Salve a tutti! Sono Suada ho 17 anni e vengo dall’Albania precisamente da Fush-Milot!
Condivido con voi la mia esperienza che vivo durante l’anno ma soprattutto quella dell’estate nei campi estivi che la nostra parrocchia SAMZ organizza grazie all’attenzione e all’animazione delle Suore Angeliche di San Paolo.
Dal momento in cui ho ricevuto il battesimo ho capito che ormai devo essere pronta a dare tutto quello che ho ricevuto: la fede, ma anche altri valori per una vita sana e felice, dando una bella testimonianza cominciando nella mia famiglia, per continuare a scuola con i miei amici e ovunque io vivo.
Sono abbastanza attiva nella Chiesa, per quanto l’impegno della scuola mi permette durante l’anno, ma soprattutto nei tempi estivi.
Il compito come animatrice delle attività con i bambini del nostro villaggio l’ho fatto e lo faccio sempre volentieri da 4 anni.
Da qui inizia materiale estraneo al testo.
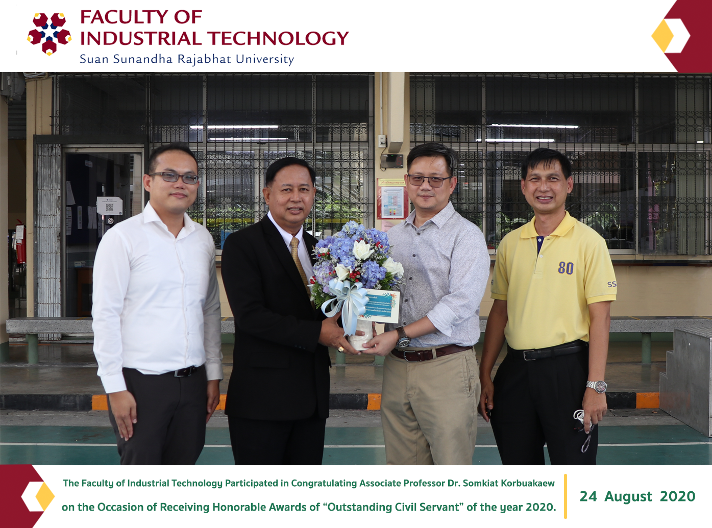 On August 24, 2020, the Faculty of Industrial Technology led by Assistant Professor Dr. Palang Wongtanasuporn, the Dean of the Faculty of Industrial Technology, as well as Dr. Chonmapat Torasa, the Vice Dean for Academic Affairs, and Assistant Professor Dr. Pornpawit Boonsrimuang, the Vice Dean for Planning and Quality Assurance, participated in congratulating Associate Professor Dr. Somkiat Korbuakaew on the occasion of receiving honorable gold garuda needle and certificate of “Outstanding Civil Servant” of the year 2020.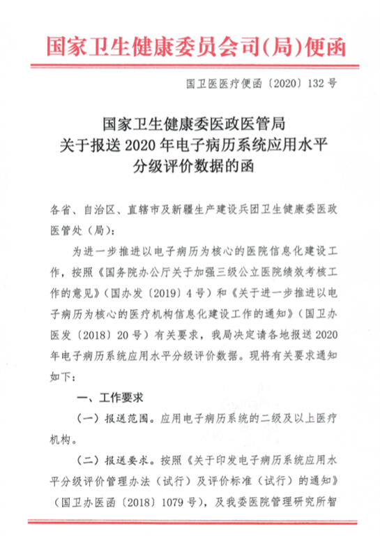為進(jìn)一步推進(jìn)以電子病歷為核心的醫(yī)院信息化建設(shè),按照《國(guó)務(wù)院辦公廳關(guān)于加強(qiáng)三級(jí)公立醫(yī)院績(jī)效考核工作的意見》和《關(guān)于進(jìn)一步推進(jìn)以電子病歷為核心的醫(yī)療機(jī)構(gòu)信息化建設(shè)工作的通知》,國(guó)家衛(wèi)生健康委醫(yī)政醫(yī)管局發(fā)布《關(guān)于報(bào)送2020年電子病歷系統(tǒng)應(yīng)用水平分級(jí)評(píng)價(jià)數(shù)據(jù)的函》,請(qǐng)各地報(bào)送2020年電子病歷系統(tǒng)應(yīng)用水平分級(jí)評(píng)價(jià)數(shù)據(jù)。

Ogni anno è diverso e mi fa crescere perché, tra le altre cose io e i miei amici impariamo come servire i bambini e noi stessi con amore e senza chiedere nulla in cambio perché così fa il Signore Gesù con noi.
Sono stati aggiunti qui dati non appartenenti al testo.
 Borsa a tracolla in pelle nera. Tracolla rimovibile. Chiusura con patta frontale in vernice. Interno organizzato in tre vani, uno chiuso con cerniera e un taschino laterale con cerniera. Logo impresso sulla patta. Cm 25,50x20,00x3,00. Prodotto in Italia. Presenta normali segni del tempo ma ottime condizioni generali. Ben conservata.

È bellissimo soprattutto durante i campi estivi quando dal mattino presto i bambini corrono verso te e ti guardano perché aspettano un sorriso, una carezza, uno sguardo; attendono che cosa hai da dire loro in quel giorno e come si divertiranno, sapendo che anche quel giorno sarà tra i loro più bei ricordi dell’estate.
L’attività, umanamente parlando, non sempre è facile; però la grazia di Dio che vive in noi ci dà quella forza, quell’entusiasmo necessari pensando che i bambini sono i più preferiti di Gesù.
Un altro grande aiuto per noi, che fa si che il campo sia particolare, è la testimonianza e la collaborazione con gli animatori italiani i quali scelgono di donare e condividere ogni anno un “pezzo” della loro vita con noi e i nostri bambini.
Comunque tutto questo non sarebbe possibile senza l’aiuto della parrocchia e delle nostre sorelle-suore Angeliche di san Paolo che con tanto amore e pazienza ci insegnano a vivere nell’amore di Dio e come aiutare i nostri fratelli più piccoli.
A tutti un grande “GRAZIE” e caricata di tutta questa energia positiva, pronta ad affrontare un altro anno scolastico e pastorale!